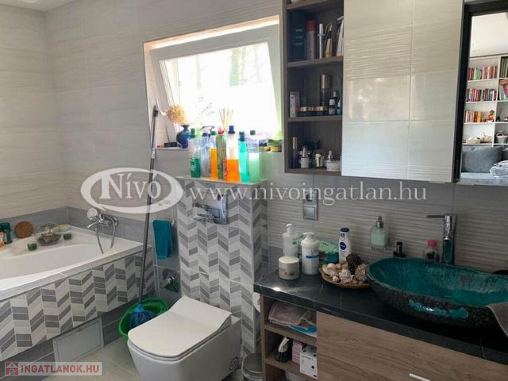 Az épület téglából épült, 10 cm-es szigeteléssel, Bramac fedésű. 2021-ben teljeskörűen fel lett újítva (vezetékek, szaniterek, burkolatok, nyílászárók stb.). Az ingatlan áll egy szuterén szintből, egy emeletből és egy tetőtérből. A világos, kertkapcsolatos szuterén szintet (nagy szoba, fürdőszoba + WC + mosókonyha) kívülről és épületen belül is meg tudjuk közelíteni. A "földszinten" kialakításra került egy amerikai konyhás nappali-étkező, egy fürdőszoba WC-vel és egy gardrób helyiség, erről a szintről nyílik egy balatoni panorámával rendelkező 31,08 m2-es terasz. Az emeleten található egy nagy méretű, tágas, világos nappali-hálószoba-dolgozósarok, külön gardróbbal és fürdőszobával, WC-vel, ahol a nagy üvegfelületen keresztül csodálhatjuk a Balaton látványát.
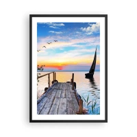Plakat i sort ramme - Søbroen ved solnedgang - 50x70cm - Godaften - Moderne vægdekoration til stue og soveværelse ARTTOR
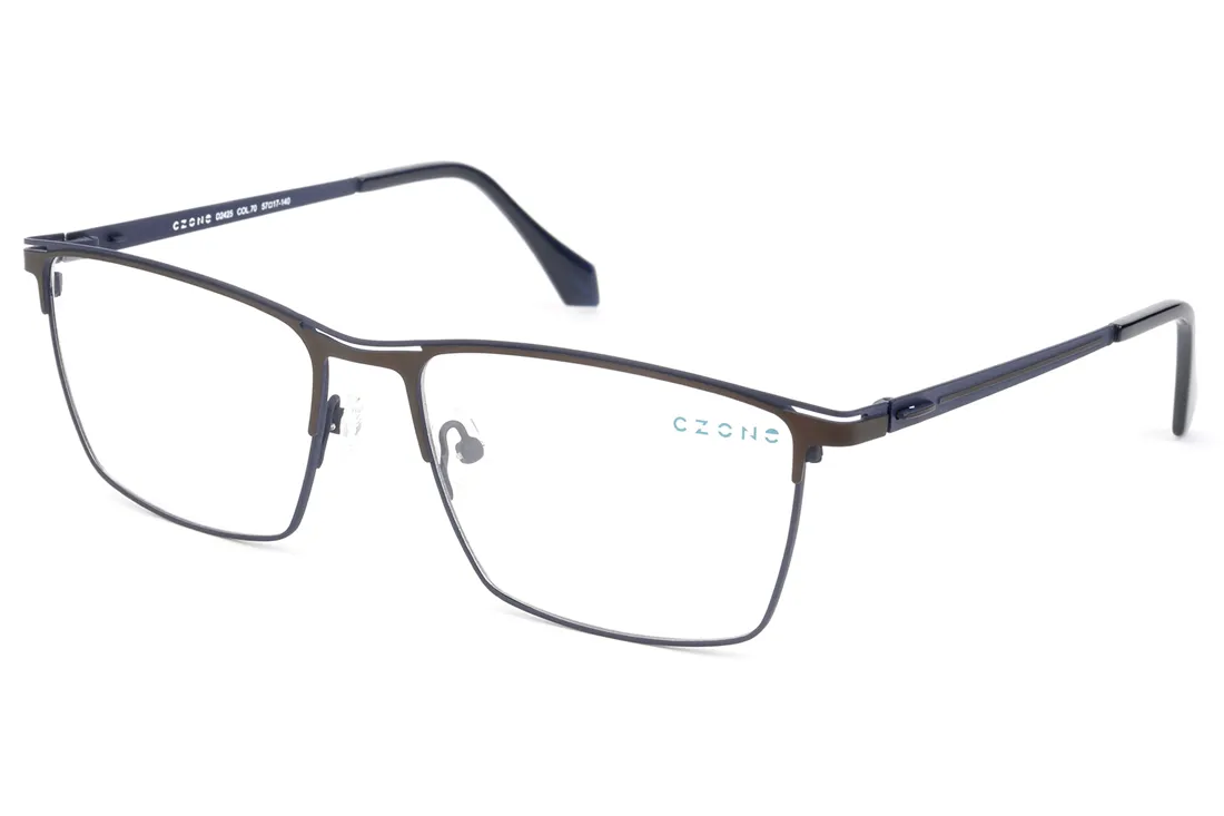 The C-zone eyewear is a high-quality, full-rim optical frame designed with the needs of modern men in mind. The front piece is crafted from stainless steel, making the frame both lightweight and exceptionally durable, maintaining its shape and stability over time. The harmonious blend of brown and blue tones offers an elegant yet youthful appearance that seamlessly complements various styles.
==
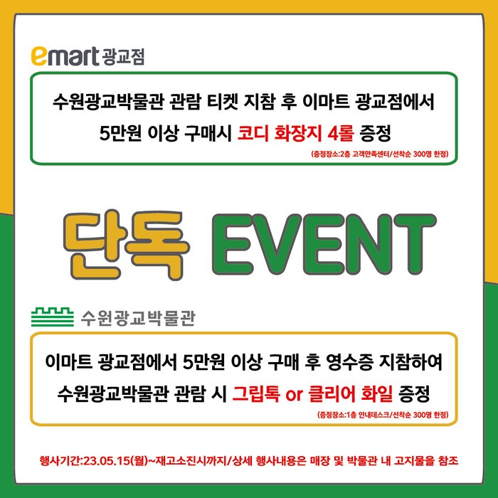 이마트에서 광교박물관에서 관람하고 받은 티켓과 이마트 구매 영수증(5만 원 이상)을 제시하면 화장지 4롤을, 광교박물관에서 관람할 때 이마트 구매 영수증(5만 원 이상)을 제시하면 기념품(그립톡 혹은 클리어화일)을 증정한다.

--- WHAT THE TASK REQUIRES ---
Using the data above, copy exactly the lines from the one containing "Az épület téglából" to the one containing "The C-zone eyewear", inclusive. Exclude the pictures.

--- ANSWER SPACE ---
 Az épület téglából épült, 10 cm-es szigeteléssel, Bramac fedésű. 2021-ben teljeskörűen fel lett újítva (vezetékek, szaniterek, burkolatok, nyílászárók stb.). Az ingatlan áll egy szuterén szintből, egy emeletből és egy tetőtérből. A világos, kertkapcsolatos szuterén szintet (nagy szoba, fürdőszoba + WC + mosókonyha) kívülről és épületen belül is meg tudjuk közelíteni. A "földszinten" kialakításra került egy amerikai konyhás nappali-étkező, egy fürdőszoba WC-vel és egy gardrób helyiség, erről a szintről nyílik egy balatoni panorámával rendelkező 31,08 m2-es terasz. Az emeleten található egy nagy méretű, tágas, világos nappali-hálószoba-dolgozósarok, külön gardróbbal és fürdőszobával, WC-vel, ahol a nagy üvegfelületen keresztül csodálhatjuk a Balaton látványát.
Plakat i sort ramme - Søbroen ved solnedgang - 50x70cm - Godaften - Moderne vægdekoration til stue og soveværelse ARTTOR
 The C-zone eyewear is a high-quality, full-rim optical frame designed with the needs of modern men in mind. The front piece is crafted from stainless steel, making the frame both lightweight and exceptionally durable, maintaining its shape and stability over time. The harmonious blend of brown and blue tones offers an elegant yet youthful appearance that seamlessly complements various styles.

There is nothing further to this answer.